### WHAT TO DO
Print only the lines from the one with "ZQ系列清理去石組合篩廣泛用" through the end of the data, exactly, and please omit pictures.

### MATERIAL FOR THIS EXERCISE

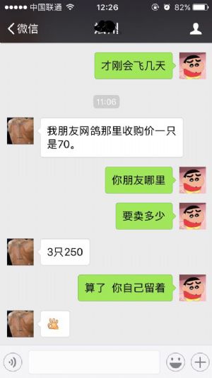 前阵子家飞总计丢失8羽夏季的特比,群里有鸽友发来环号说是山里中网在询问鸽主,其中有我的鸽子,我没想要就没有吱声。今天又有鸽友发来中网鸽环号一看全是我的,加好友后本想赎回,思想挣扎了一下又算了,大哥说能中网总存在某种缺陷,,,好凌乱,出师未捷身先死啊!
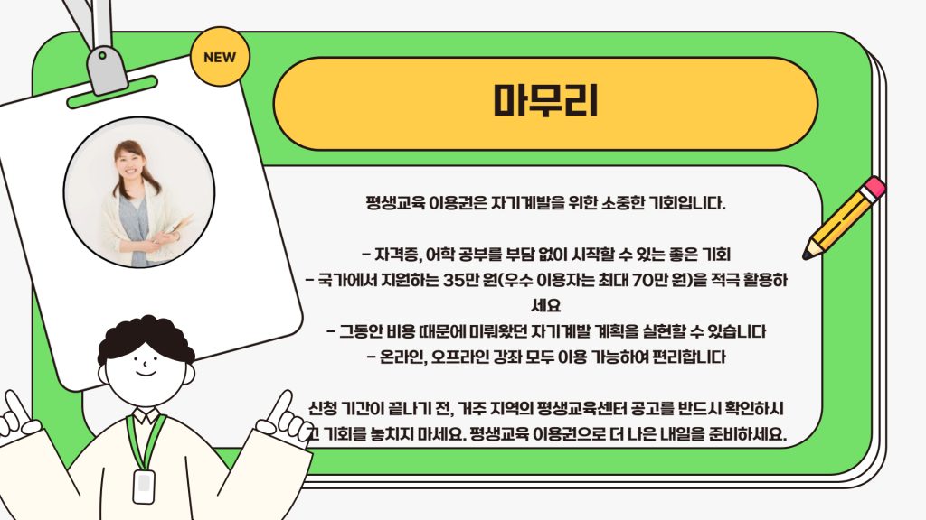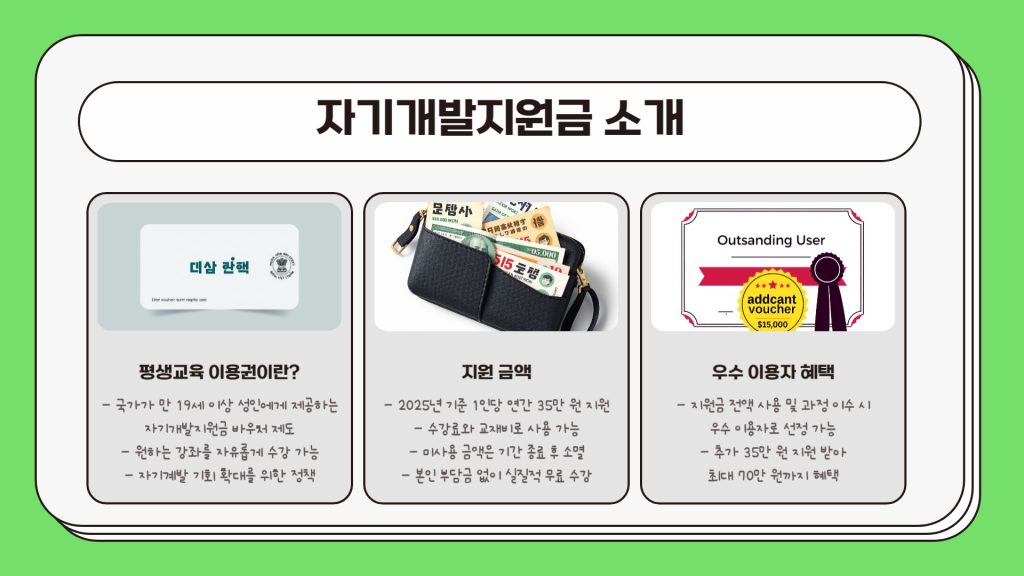 어학 강의나 자격증 공부를 하고 싶은데, 비용 때문에 망설였던 적 있으신가요? 이제는 개인 부담 없이, 나라에서 주는 자기개발지원금으로 해결할 수 있어요. 바로 ‘평생교육 이용권’이라는 제도를 활용하면 되는데요, 2025년 기준으로 1인당 최대 35만 원이 지원된다고 합니다. 오늘은 이 제도에 대해 아주 쉽게, 신청 방법까지 한눈에 정리해드릴게요.
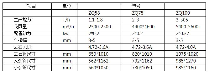 ZQ系列清理去石組合篩廣泛用于稻谷、谷子、小麥、玉米、豆類、花生、飼料及食品加工廠用作原糧的清理。不僅可清理出原糧中的大、小和輕雜質(zhì),還同時清理沙石,達到凈石的目的。該機與相應(yīng)的風(fēng)機配合使用,以振動電機為動力,通過振動電機產(chǎn)生的激振力,使篩體作往復(fù)振動。該機有三層篩面,根據(jù)不同原糧配置篩孔尺寸。(用戶訂貨時說明)上層篩面清理出大雜,如大石塊、大秸稈、樹枝等。中層篩面將小于篩孔尺寸的小雜質(zhì),如小于谷物的碎石塊、沙粒、土等從篩孔漏下排出機外。下層篩是專用于去石的凹凸不銹鋼網(wǎng)。在吸風(fēng)力的作用下,鋪滿去石篩的物料處于懸浮狀態(tài),風(fēng)力根據(jù)產(chǎn)量和物料種類是由風(fēng)量調(diào)節(jié)板調(diào)整。物料從出料口排出,沙石從出石口排出。該機由于配置振動電機,在開機和停機時,有十幾秒的較大晃動,正常工作狀態(tài)很穩(wěn)定,噪音很小。
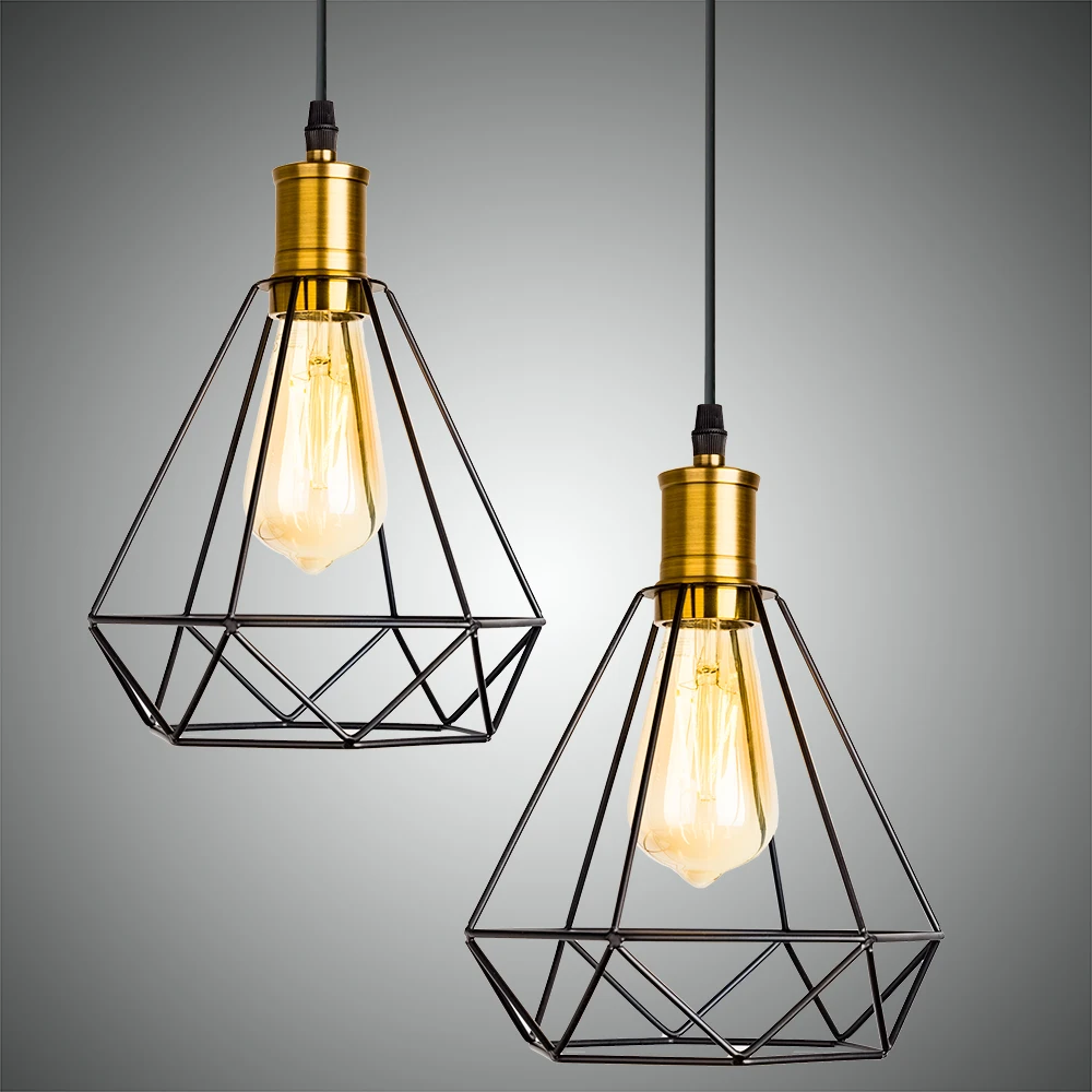 2 Pack E26 Vintage Metal Cage Pendant Lamps Lighting Chandelier
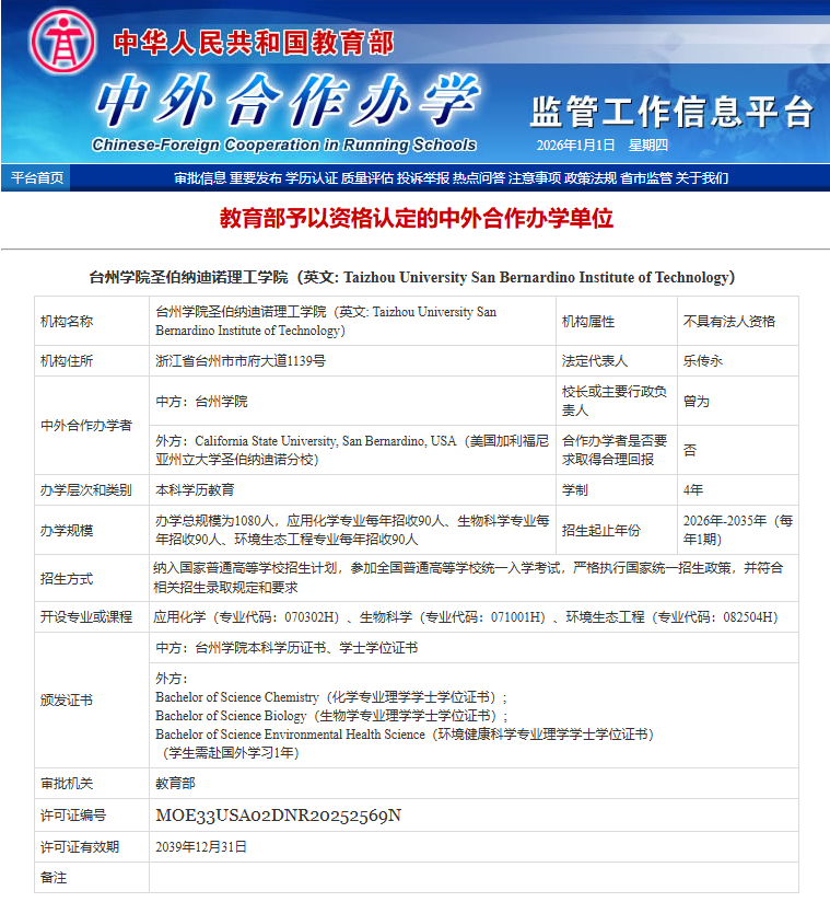 2025年12月31日,教育部中外合作办学监管工作信息平台公布最新一批获资格认定的中外合作办学单位。我校与美国加州州立大学圣伯纳迪诺分校合作举办的“台州学院圣伯纳迪诺理工学院”正式获批设立(许可证编号:MOE33USA02DNR20252569N),标志着学校在国际交流与合作领域实现重大突破,国际化办学迈入新阶段。
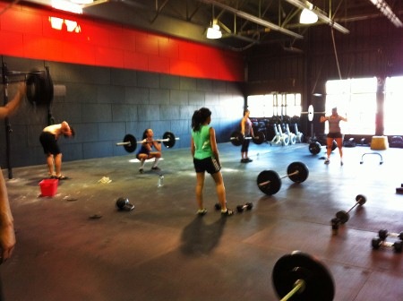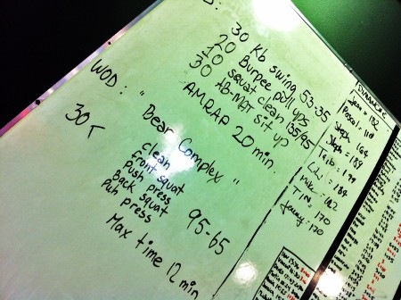 Je n’ai pas réussi à compléter 30 Bear Complex en 12 minutes mais je me suis rendue à 24 avec la barre de 45 livres ce qui n’est quand même pas si mal. Toutefois, comme vous pouvez le voir dans la photo plus haut, toutes les autres filles avaient du poids en plus sur leur barre… Oh well, ce n’était probablement pas leur troisième fois. De toute façon, j’aime mieux me comparer à moi-même et essayer de me dépasser d’une fois à l’autre quand il s’agit d’entraînement.

### THE ANSWER
 ZQ系列清理去石組合篩廣泛用于稻谷、谷子、小麥、玉米、豆類、花生、飼料及食品加工廠用作原糧的清理。不僅可清理出原糧中的大、小和輕雜質(zhì),還同時清理沙石,達到凈石的目的。該機與相應(yīng)的風(fēng)機配合使用,以振動電機為動力,通過振動電機產(chǎn)生的激振力,使篩體作往復(fù)振動。該機有三層篩面,根據(jù)不同原糧配置篩孔尺寸。(用戶訂貨時說明)上層篩面清理出大雜,如大石塊、大秸稈、樹枝等。中層篩面將小于篩孔尺寸的小雜質(zhì),如小于谷物的碎石塊、沙粒、土等從篩孔漏下排出機外。下層篩是專用于去石的凹凸不銹鋼網(wǎng)。在吸風(fēng)力的作用下,鋪滿去石篩的物料處于懸浮狀態(tài),風(fēng)力根據(jù)產(chǎn)量和物料種類是由風(fēng)量調(diào)節(jié)板調(diào)整。物料從出料口排出,沙石從出石口排出。該機由于配置振動電機,在開機和停機時,有十幾秒的較大晃動,正常工作狀態(tài)很穩(wěn)定,噪音很小。
 2 Pack E26 Vintage Metal Cage Pendant Lamps Lighting Chandelier
 2025年12月31日,教育部中外合作办学监管工作信息平台公布最新一批获资格认定的中外合作办学单位。我校与美国加州州立大学圣伯纳迪诺分校合作举办的“台州学院圣伯纳迪诺理工学院”正式获批设立(许可证编号:MOE33USA02DNR20252569N),标志着学校在国际交流与合作领域实现重大突破,国际化办学迈入新阶段。
 Je n’ai pas réussi à compléter 30 Bear Complex en 12 minutes mais je me suis rendue à 24 avec la barre de 45 livres ce qui n’est quand même pas si mal. Toutefois, comme vous pouvez le voir dans la photo plus haut, toutes les autres filles avaient du poids en plus sur leur barre… Oh well, ce n’était probablement pas leur troisième fois. De toute façon, j’aime mieux me comparer à moi-même et essayer de me dépasser d’une fois à l’autre quand il s’agit d’entraînement.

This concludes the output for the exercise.